17 July 2021

THE TYRANNY OF BATTLE DRILL 6

Richard D. Hooker

Earlier this year, a video of 10th Mountain Division soldiers conducting live-fire room-clearing training—the famous “Battle Drill 6”—went viral. In the video, the soldiers repeatedly “flagged” each other, pointing loaded weapons at fellow soldiers during the drill. Experts also condemned the poor techniques shown during the exercise. The resulting furor led the division’s command sergeant major to comment publicly, promising to “fix this.”

There is a deeper question here. Why are conventional infantry soldiers doing room clearing at all?

This question may shock many. After all, every infantry soldier in the force today, from private to sergeant major, has been brought up in a culture of room clearing. All infantry units train on it. But this wasn’t always the case. Through the early 1980s, infantry soldiers did not “stack up” and rush into rooms full of enemy soldiers, guns blazing. So what happened?

The story begins with the failed raid to rescue Israeli Olympic team members held hostage by Palestinian terrorists in Munich in 1972 and the creation of a new, elite Army unit—1st Special Operational Detachment–Delta (1st SFOD-D)—a few years later. Initially intended partly as a hostage rescue force, the unit needed to be able to storm airliners and hotel rooms to free hostages. This task required precise accuracy and an absolute minimum of collateral damage—after all, discriminating between the hostage and the enemy was the whole point. Hostage rescue required an incredibly high level of training, and it was accepted that the soldiers selected for the elite unit would face great risks to save hostages.

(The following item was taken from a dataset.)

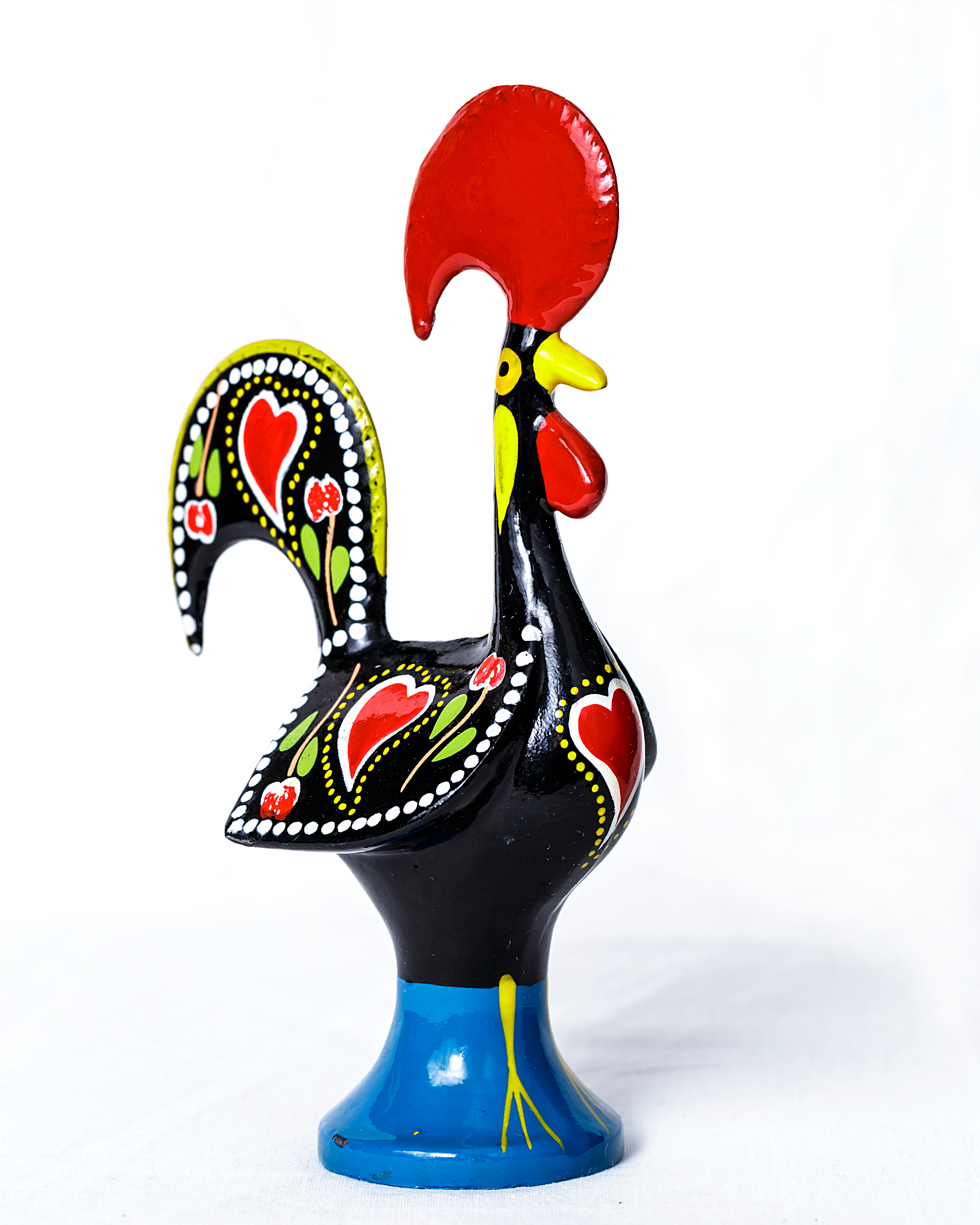 Rooster of Barcelos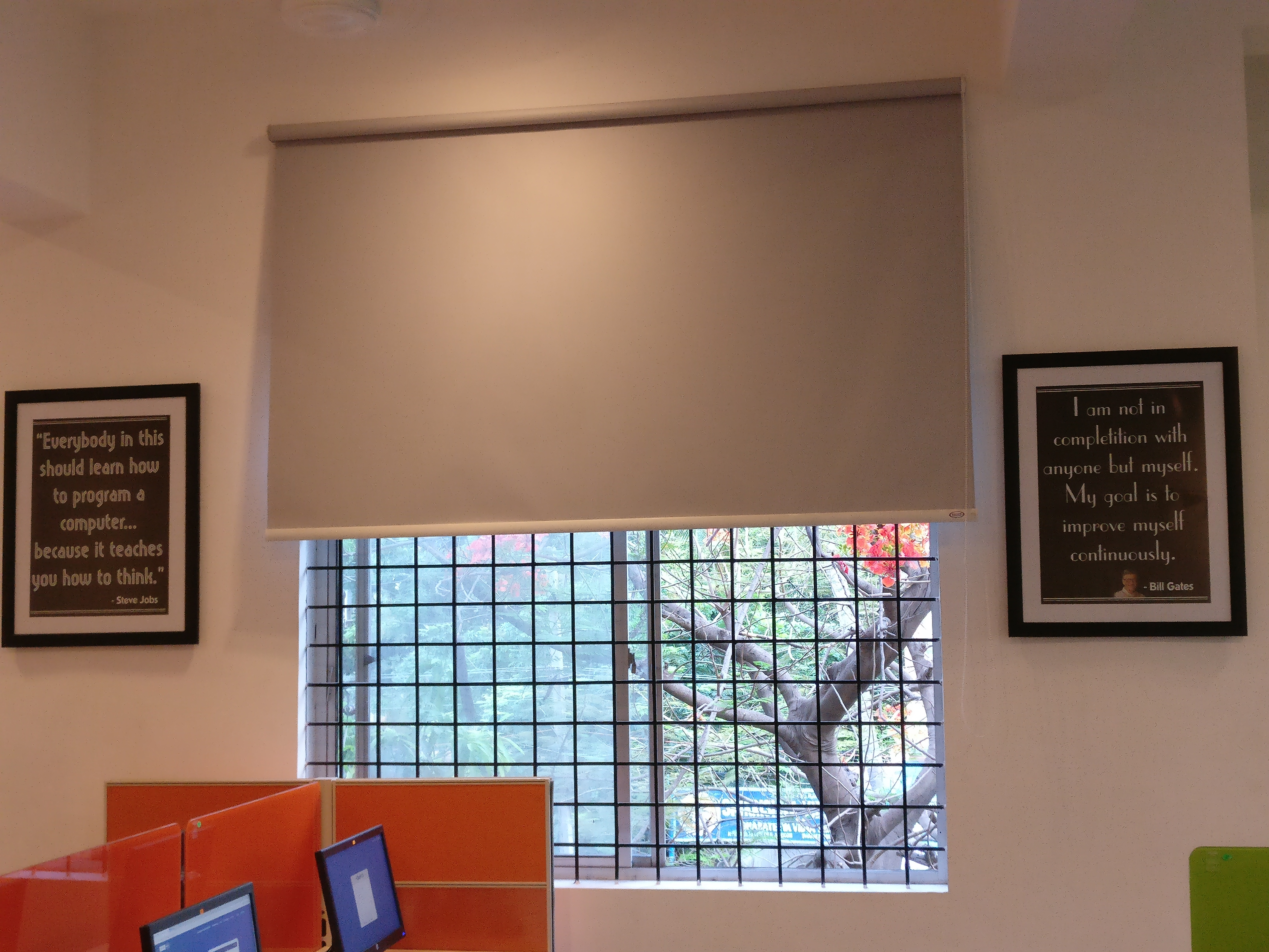 Signs in Visakhapatnam Public Library, Visakhapatnam, Andhra Pradesh, India.

Over time, Army Ranger units occasionally worked with 1st SFOD-D, often as “outer cordon” forces as seen in the movie Black Hawk Down. Room clearing was seen as sexy and cool, and it spread to the Rangers and then to Army Special Forces. These units had higher priority and more training resources than conventional units, but not as high as 1st SFOD-D. Nevertheless, their adoption of room clearing suggests that they felt confident that they could meet the high demands of the drill. Along the way, the link between hostage rescue and room clearing faded, because those units as a rule didn’t do that. Room clearing became a battlefield task. By the late ‘80s, as leaders from the Rangers rotated back into conventional light infantry units, they brought a mania for room clearing with them. Battle Drill 6—“Enter and Clear a Room”—now became enshrined in doctrine. Not to be outdone, even the Marine Corps bought in.

After 9/11, it was all the rage. Iconic footage of four-man stacks kicking in doors became commonplace. One famous image from Iraq saw a blood-soaked Marine first sergeant, pistol in hand, being carried out of a building in Iraq. Commanders were shot running into buildings. And lots of privates.

There’s no question that urban combat is dangerous and demanding. But that’s not a reason to be tactically inept. The US Army learned lessons from extensive experience with urban combat in World War II, about the importance of fires, high explosives, and soldier protection. Tanks would often accompany infantry to deliver devastating fires before soldiers entered buildings (as seen in the Brad Pitt movie Fury). Infantry squads and platoons would blow “mouseholes” through walls rather than run through doorways, and used hand grenades before entering rooms and buildings. The Russian army resorted to the same tactics after suffering cruel losses in its initial foray into Grozny in Chechnya. In the Second Battle of Fallujah in 2004, US forces lost ninety-five killed and 560 wounded in a matter of days, many while entering buildings. Yet these experiences did little to dampen the enthusiasm for Battle Drill 6. Today, memories of Iraq and Afghanistan are fading. But our love for room clearing continues unabated.

The simple truth is that conventional units will never achieve the level of proficiency required to effectively enter and clear a room or building with a modicum of safety using the four-man stack. They just aren’t given the resources—the bullets, the time—to be that good. As the saying goes, they are the chainsaw, not the scalpel. In the shoot house, no one is firing through walls (unlike in the movies, bullets go through walls—just check out the footage of Waco). No one is boobytrapping stairwells. And no one is shooting back with live rounds. In the real world, the first man through the door into a room occupied by the enemy usually gets shot in the face.

There is of course an argument that we can’t just level every building or compound that may be occupied by the enemy. But there are alternatives. Surrounding a building and executing a tactical callout is one. Exercising tactical patience and catching the enemy in movement or outside the building is another. Persistent observation and engagement by drones or attack helicopters is yet another. When all else fails, the discriminate use of high explosives in a room or building is always preferable to launching a young soldier through a doorway and into fire. It is certainly true that unintended civilian casualties may ensue, and everything possible should be done to avoid them. But that risk is the unfortunate price of any decision to fight in cities where the civilian population is present. Commanders face horrible choices in these scenarios. But maximizing soldier risk instead of minimizing it is always the wrong choice. Let’s leave stacking up to the high-end special operations units, and get back to the chainsaw.